Le docteur jeta quelques objets devenus inutiles, des bouteilles vides et une caisse de viande qui n’était plus d’aucun usage; il réussit à maintenir le Victoria dans une zone plus favorable à ses projets. À quatre heures du matin, les premiers rayons du soleil éclairaient Sego, la capitale du Bambarra, parfaitement reconnaissable aux quatre villes qui la composent, à ses mosquées mauresques, et au va-et-vient incessant des bacs qui transportent les habitants dans les divers quartiers. Mais les voyageurs ne furent pas plus vus qu’ils ne virent; ils fuyaient rapidement et directement dans le nord-ouest, et les inquiétudes du docteur se calmaient peu à peu.
«Encore deux jours dans cette direction, et avec cette vitesse nous atteindrons le fleuve du Sénégal.
– Et nous serons en pays ami? demanda le chasseur.
– Pas tout à fait encore; à la rigueur, si le Victoria venait à nous manquer, nous pourrions gagner des établissements français! Mais puisse-t-il tenir pendant quelques centaines de milles, et nous arriverons sans fatigues, sans craintes, sans dangers, jusqu’à la côte occidentale.
– Et ce sera fini! fit Joe. Eh bien, tant pis! Si ce n’était le plaisir de raconter, je ne voudrais plus jamais mettre pied à terre! Pensez-vous qu’on ajoute foi à nos récits, mon maître?
– Qui sait, mon brave Joe? Enfin, il y aura toujours un fait incontestable; mille témoins nous auront vu partir d’un côté de l’Afrique; mille témoins nous verront arriver à l’autre côté.
– En ce cas, répondit Kennedy, il me paraît difficile de dire que nous n’avons pas traversé!
– Ah! monsieur Samuel! reprit Joe avec un gros soupir, je regretterai plus d’une fois mes cailloux en or massif!
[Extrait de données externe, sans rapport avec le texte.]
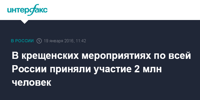 Москва. 19 января. ИНТЕРФАКС - Около 2 млн человек участвовали в России в мероприятиях по случаю Крещения Господня, сообщили "Интерфаксу" в пресс-центре МВД.

Voilà qui aurait donné du poids à nos histoires et de la vraisemblance à nos récits. À un gramme d’or par auditeur, je me serais composé une jolie foule pour m’entendre et même pour m’admirer!»
XLI
Les approches du Sénégal. – Le «Victoria» baisse de plus en plus. – On jette, on jette toujours. – Le marabout Al-Hadji. – MM. Pascal, Vincent, Lambert. – Un rival de Mahomet. – Les montagnes difficiles. – Les armes de Kennedy. – Une manœuvre de Joe. – Halte au-dessus d’une forêt.
Le 27 mai, vers neuf heures du matin, le pays se présenta sous un nouvel aspect: les rampes longuement étendues se changeaient en collines qui faisaient présager de prochaines montagnes; on aurait à franchir la chaîne qui sépare le bassin du Niger du bassin du Sénégal et détermine l’écoulement des eaux soit au golfe de Guinée, soit à la baie du cap Vert.
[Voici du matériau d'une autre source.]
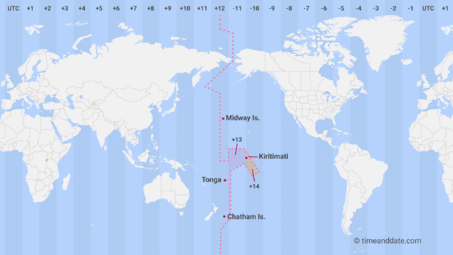 - Avant 1995, la ligne coupait l’archipel des Kiribati en deux, rendant l’administration impossible (quand il était lundi à l’ouest, il était dimanche à l’est). Le gouvernement a décidé de déplacer la ligne de plus de 1000km vers l’est créant le plus grand zigzag actuel pour unifier la date nationale.

Jusqu’au Sénégal, cette partie de l’Afrique est signalée comme dangereuse. Le docteur Fergusson le savait par les récits de ses devanciers; ils avaient souffert mille privations et couru mille dangers au milieu de ces Nègres barbares; ce climat funeste dévora la plus grande partie des compagnons de Mungo-Park. Fergusson fut donc plus que jamais décidé à ne pas prendre pied sur cette contrée inhospitalière.
Mais il n’eut pas un moment de repos; le Victoria baissait d’une manière sensible; il fallut jeter encore une foule d’objets plus ou moins inutiles, surtout au moment de franchir une crête. Et ce fut ainsi pendant plus de cent vingt milles; on se fatigua à monter et à descendre; le ballon, ce nouveau rocher de Sisyphe, retombait incessamment; les formes de l’aérostat peu gonflé s’efflanquaient déjà; il s’allongeait, et le vent creusait de vastes poches dans son enveloppe détendue.
Kennedy ne put s’empêcher d’en faire la remarque.
«Est-ce que le ballon aurait une fissure? dit-il.
– Non, répondit le docteur; mais la gutta-percha s’est évidemment ramollie ou fondue sous la chaleur, et l’hydrogène fuit à travers le taffetas.
– Comment empêcher cette fuite?
– C’est impossible. Allégeons-nous; c’est le seul moyen; jetons tout ce qu’on peut jeter.